For each section or rule, categorize it as:
- KEEP: Essential, well-scoped, still accurate
- TRIM: Correct but over-specified or too verbose
- REMOVE: No longer relevant, handled elsewhere, or too broad
- CONFLICT: Contradicts another rule in this file
- CLARIFY: Too vague to be actionable

Don't rewrite anything yet. Just give me the categorized audit.

The planning pass here is acting as a second set of eyes before you start editing. The key is getting categorizations without edits — you want to understand what’s wrong before deciding what to change.

Specific Techniques

Identify Scope Creep with the “Does This Apply to X?” Test

In plan mode, ask Claude to apply each rule to unlikely file types:

/plan

Here are 5 rules from my CLAUDE.md. For each one, tell me:
- What file types it clearly applies to
- What file types it shouldn't apply to but would (based on how it's written)
- Whether the rule needs scoping

Rules:
1. Always use named exports, never default exports
2. Return errors as Result<T, E> types, never throw
3. Validate all inputs at the boundary layer  
4. Use camelCase for variables, PascalCase for types
5. Add JSDoc comments to all public functions

Common findings: “Never throw” is reasonable for service layer functions but breaks shell script utilities. “JSDoc on all public functions” is appropriate for a library but not a 3-file utility script.

Conflict Detection

/plan

Review these rules for logical conflicts or cases where following rule A makes 
rule B impossible to follow:

[paste your full CLAUDE.md]

Focus only on logical contradictions and impossible-to-satisfy combinations.
Do not suggest new rules or improvements — just find the conflicts.

Rationale Extraction

Plan mode is good at inferring why a rule might exist from its content, which you can then use to write better rule comments:

/plan

For each of these rules, infer the most likely reason it was added 
(what problem was someone trying to prevent?). Then suggest a one-sentence 
"Why this matters" comment that I can add inline.

Rules: [paste rules]

What Plan Mode Won’t Do

Planning is better than writing blind, but it has limits. Claude in plan mode is working from the text you provide — it doesn’t know about your actual codebase, your team’s actual behavior, or the specific incidents that led to each rule. The planning pass surfaces structural issues, not contextual ones.

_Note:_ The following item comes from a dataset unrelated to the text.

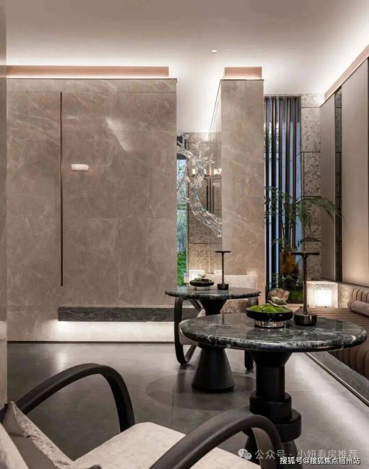 项目在奢石上的运用,不止于外立面,更延伸至社区的每一处角落。

A conflict between “use functional patterns” and “use class-based services” will be caught. A rule that says “never use setTimeout in tests” but doesn’t specify that Vitest fake timers are the intended replacement won’t be caught — that’s a knowledge gap that requires human judgment.

The useful framing: plan mode is a structural reviewer, not a domain expert. Use it for structure and then apply your own knowledge for content.

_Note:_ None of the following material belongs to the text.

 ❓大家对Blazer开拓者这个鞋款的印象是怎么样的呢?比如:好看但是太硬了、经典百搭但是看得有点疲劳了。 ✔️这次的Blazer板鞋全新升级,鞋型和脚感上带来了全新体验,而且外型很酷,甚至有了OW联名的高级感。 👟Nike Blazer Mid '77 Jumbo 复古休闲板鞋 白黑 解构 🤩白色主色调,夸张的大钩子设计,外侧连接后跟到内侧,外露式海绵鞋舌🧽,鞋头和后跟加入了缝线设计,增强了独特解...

Token Budget Consideration

One concrete benefit of planning before writing: CLAUDE.md files designed through planning tend to be shorter than ones written directly. The planning pass consistently identifies rules that overlap with ESLint/Prettier/TypeScript configuration that the agent doesn’t need to know about. In one case, running an audit on a 600-line CLAUDE.md via plan mode identified 40% of the content as either redundant with tooling or no longer accurate — the resulting 360-line file performed better in practice because the agent spent less context on noise.

If you’re trying to keep CLAUDE.md under 2000 tokens (a reasonable target for leaving room for code context), the planning pass is the most reliable way to stay under budget while keeping everything that matters.